Vers une crise imminente de la dette ?
C’est bizarre. Regardez ce graphique récemment publié par le Wall Street Journal :
Pourquoi le gouvernement américain émet-il des bons du Trésor d’urgence alors que le discours officiel est que tout va bien ? Et pourquoi le Wall Street Journal reconnaît-il qu’il se passe quelque chose d’extrêmement étrange… et que cela pourrait mal se terminer ?
“La croissance rapide des marchés, des actions de la tech aux obligations hypothécaires, s’est mal terminée par le passé. Beaucoup de gens considèrent les bons du Trésor comme les titres les plus sûrs et les plus faciles à négocier à Wall Street, et ils craignent que toute instabilité ne se propage rapidement.

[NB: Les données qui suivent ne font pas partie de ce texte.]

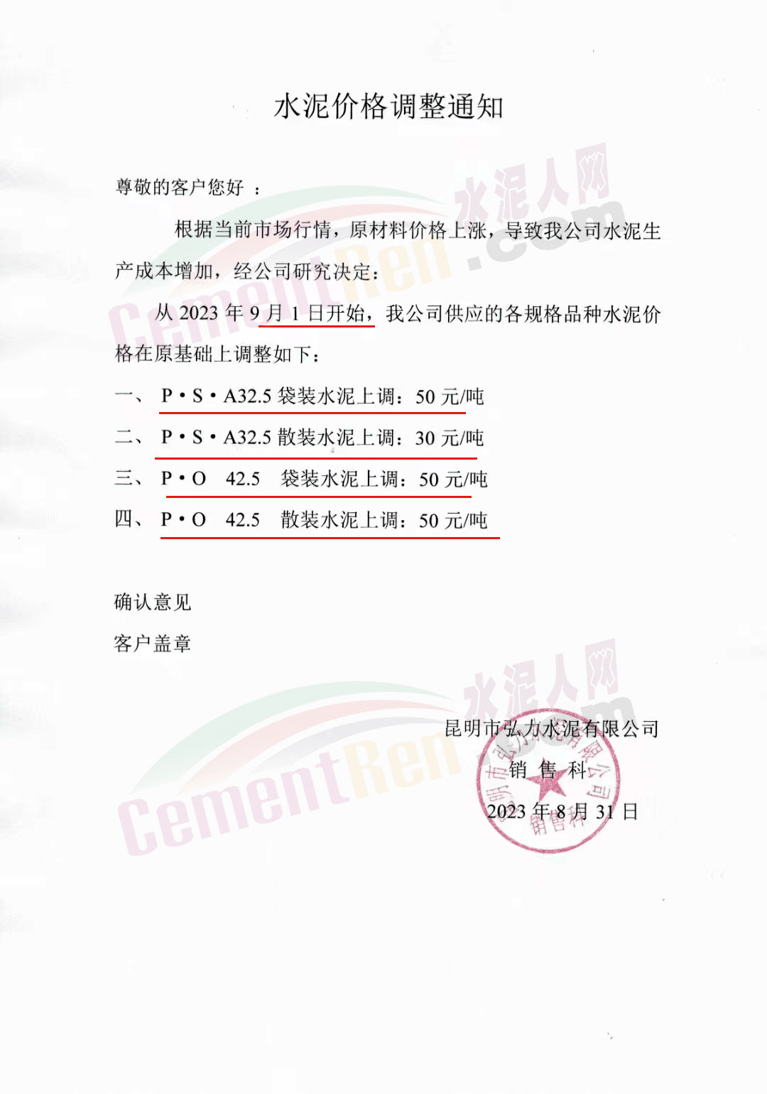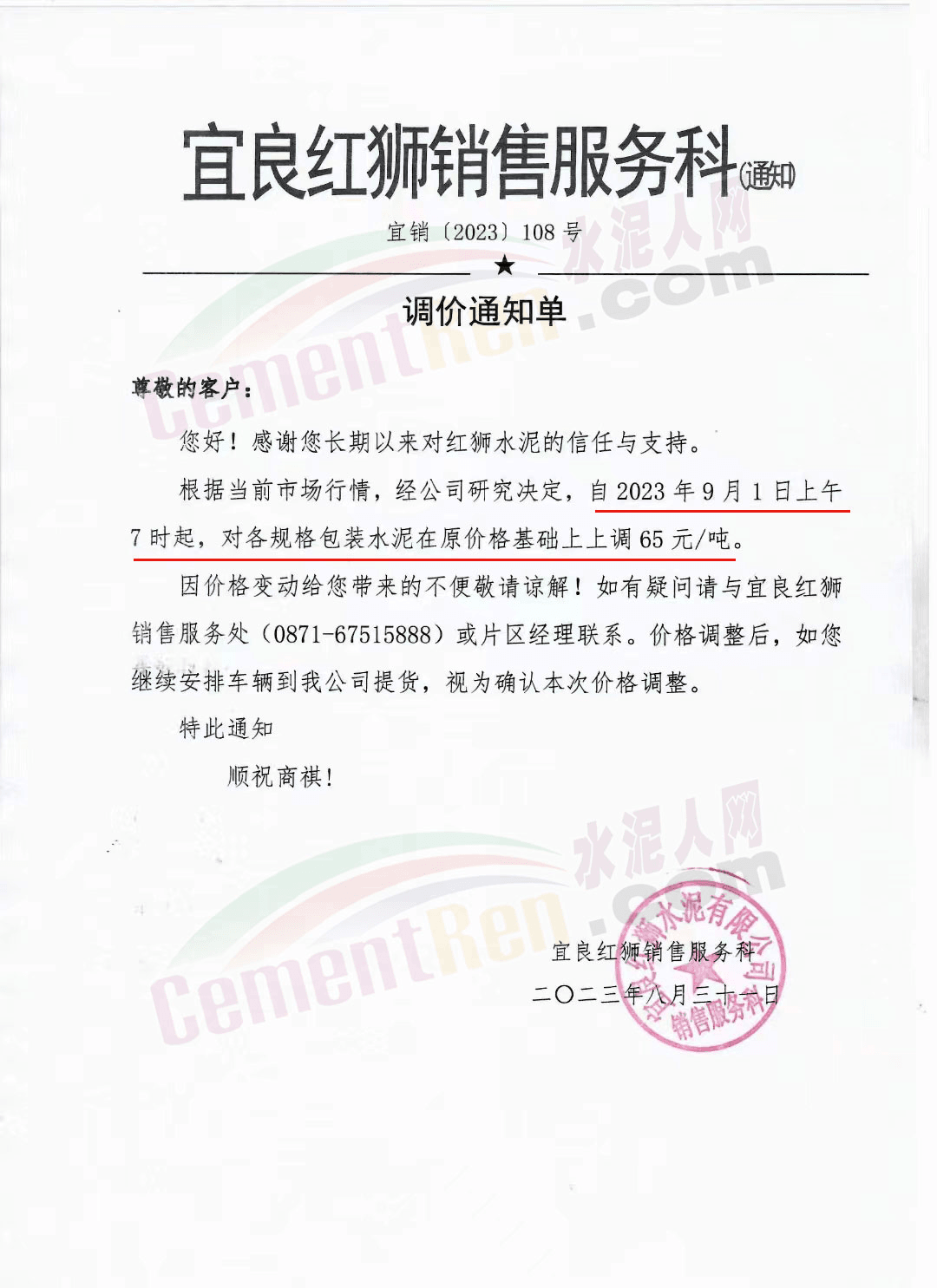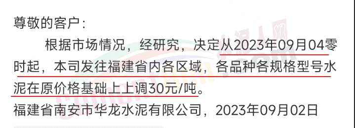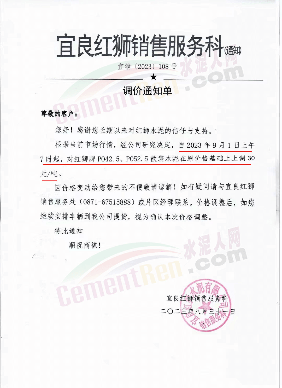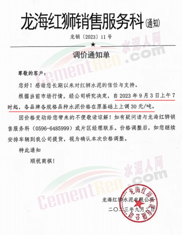 龍海紅獅、大田紅獅銷售服務(wù)科通知,根據(jù)當(dāng)前市場(chǎng)行情,經(jīng)公司研究決定,自2023年9月3日上午7時(shí)起,各品牌各規(guī)格品種水泥價(jià)格在原基礎(chǔ)上上調(diào)30元/噸。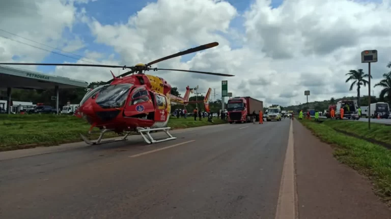 Um acidente entre uma carreta e uma motocicleta deixou duas pessoas mortas na BR-040, km 523, no bairro Guanabara, em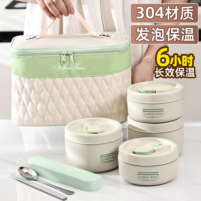 304不銹鋼保溫飯盒便攜上班族便當盒獨立分裝層層密封帶飯盒碗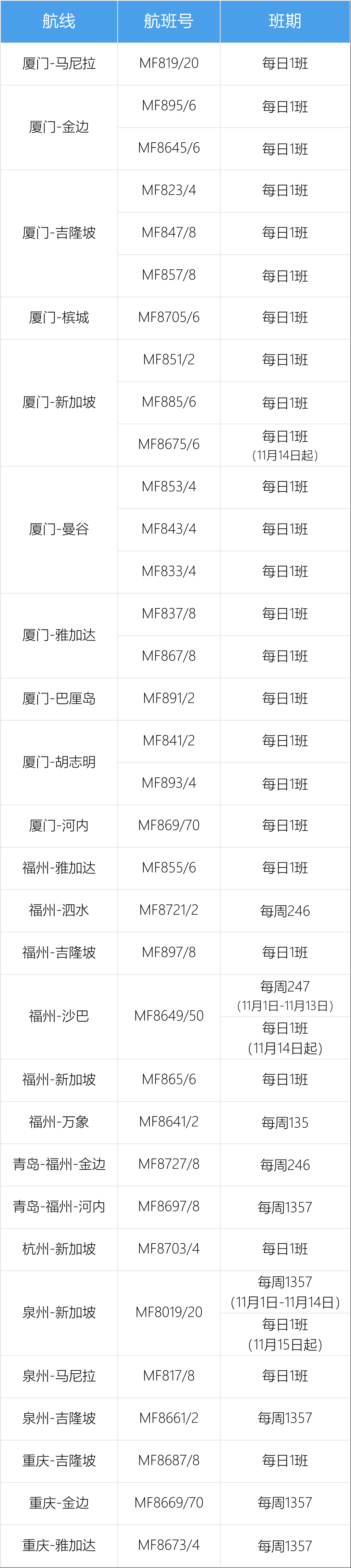 注:1.2025年9月9日起,厦门航空实际承运中国至柬埔寨金边的航班已转场至金边德崇国际机场运行。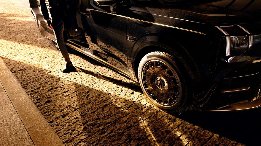 В салоне покупатель также найдёт вставки золотого цвета, а на пол уложены ковры из шерсти южноамериканской альпаки. Оснащение, разумеется, самое богатое: два задних VIP-кресла имеют огромное количество регулировок, встроенные массажёры и динамики аудиосистемы, при желании можно разложить кресло в кровать и вздремнуть в дороге. К перегородке между водительской и пассажирской частями салона пристыкован многофункциональный шкаф с 43-дюймовым телевизором, минибаром, раскладными столиками и вазочками для цветов.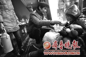 | 13日晚,济南救助站工作人员带着棉衣和温热的食物奔波在济南的大街小巷,送给不愿到救助站的流浪人员。图为花园路上,一位流浪的老人接过工作人员递来的一碗热粥。 本报记者 陈文进 摄 |
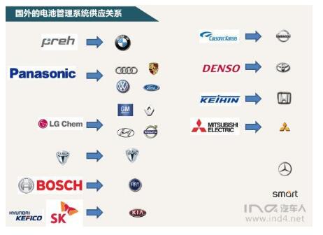 圖1 國(guó)外的電池管理系統(tǒng)供應(yīng)格局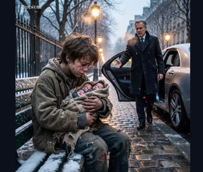 La neige descendait en épais flocons du ciel, déposant sur le parc une couche immaculée et profonde. Les arbres se tenaient figés, sans un bruit. Les balançoires oscillaient avec une légèreté dans la bise glaciale, mais personne n’était là pour y jouer. L’endroit tout entier paraissait désert et abandonné. C’est alors qu’à travers ce rideau blanc, un jeune garçon émergea. Il ne devait pas avoir plus de sept ans. Son manteau était usé et trop léger. Ses chaussures, trempées, laissaient voir des fissures. Mais le froid semblait le laisser indifférent. Dans ses bras, il portait trois nourrissons, étroitement emmitouflés dans de vieilles couvertures élimées.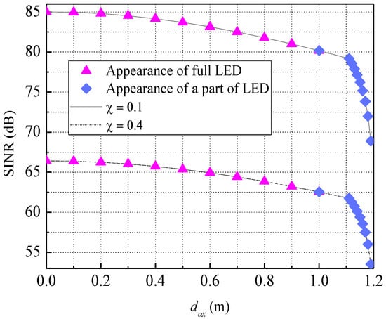 The variation of the SINR by changing the horizontal distance between the camera and the LED.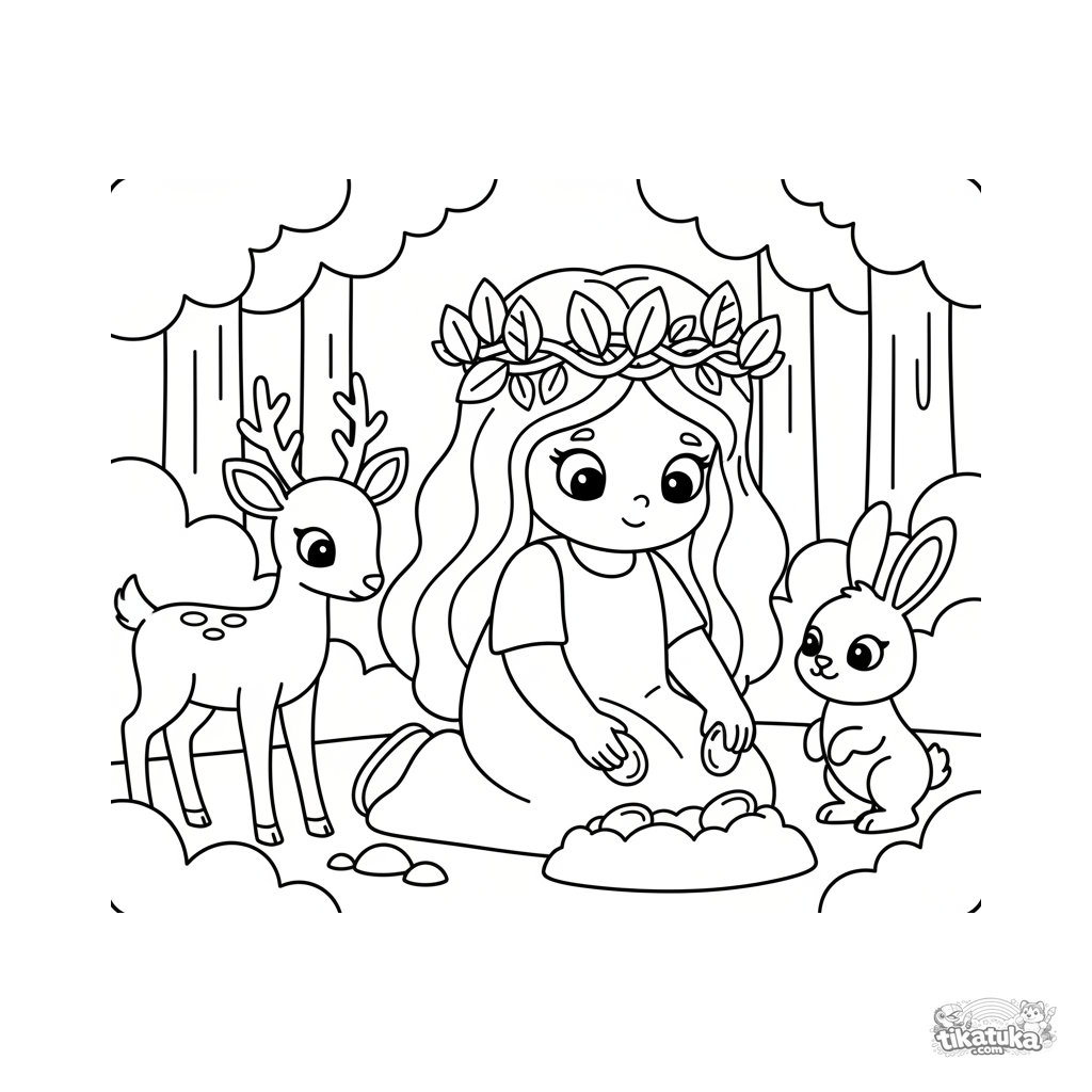 Простая раскраска для малышей 2-3 лет: лесная принцесса с венком сажает волшебные семена в сказочной роще, ей помогают кролик и олень.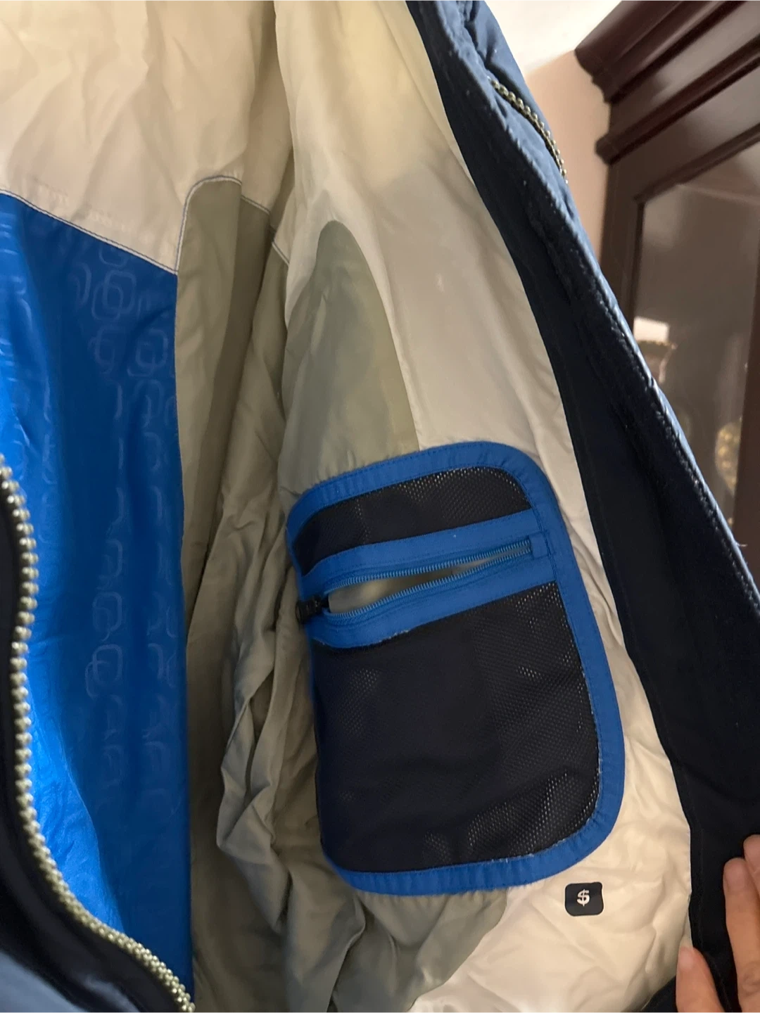 This is a navy blue Nike puffer jacket. It's made for warmth and comfort. The inside has a bright blue lining with a handy zippered pocket. Only wear it a few times

Ils sous-estiment la situation. Lorsqu’ils parlent de « mauvaise fin », ils parlent de crise.
- 2000, c’est le krach de la bulle internet
- 2008, la crise financière
- 202X est la crise de la dette souveraine
De plus, le WSJ reconnaît également que (a) il y a un risque dans le supposé « actif sans risque », que (b) l’instabilité du marché des bons du Trésor est non seulement possible, mais qu’elle pourrait se propager, et que (c) « beaucoup » s’inquiètent à ce sujet.
Tout cela est évident depuis un certain temps. Mais maintenant que le WSJ (et BlackRock !) commence à admettre que la dette est hors de contrôle et que « l’actif le plus sûr du monde » pourrait en fait devenir l’actif le plus risqué du monde.
11 septembre, crise de 2008, covid
Le fait est que j’hésite à accepter certains de ces parallèles. Quel est le bon précédent pour ce qui se prépare ? On peut utiliser la progression de la crise financière de 2000, 2008 et 202X, comme l’a fait implicitement le WSJ. Mais on peut aussi placer les événements de 2001, 2008 et 2020 dans une progression de crise différente, comme l’a fait l’économiste Summers :
“La crise du COVID-19 est le troisième choc majeur subi par le système mondial au XXIe siècle, après les attaques terroristes de 2001 et la crise financière de 2008”.
Crise civilisationnelle
Notons tout d’abord que les années 2001, 2008 et 2020 ont toutes été précédées d’un événement annonciateur.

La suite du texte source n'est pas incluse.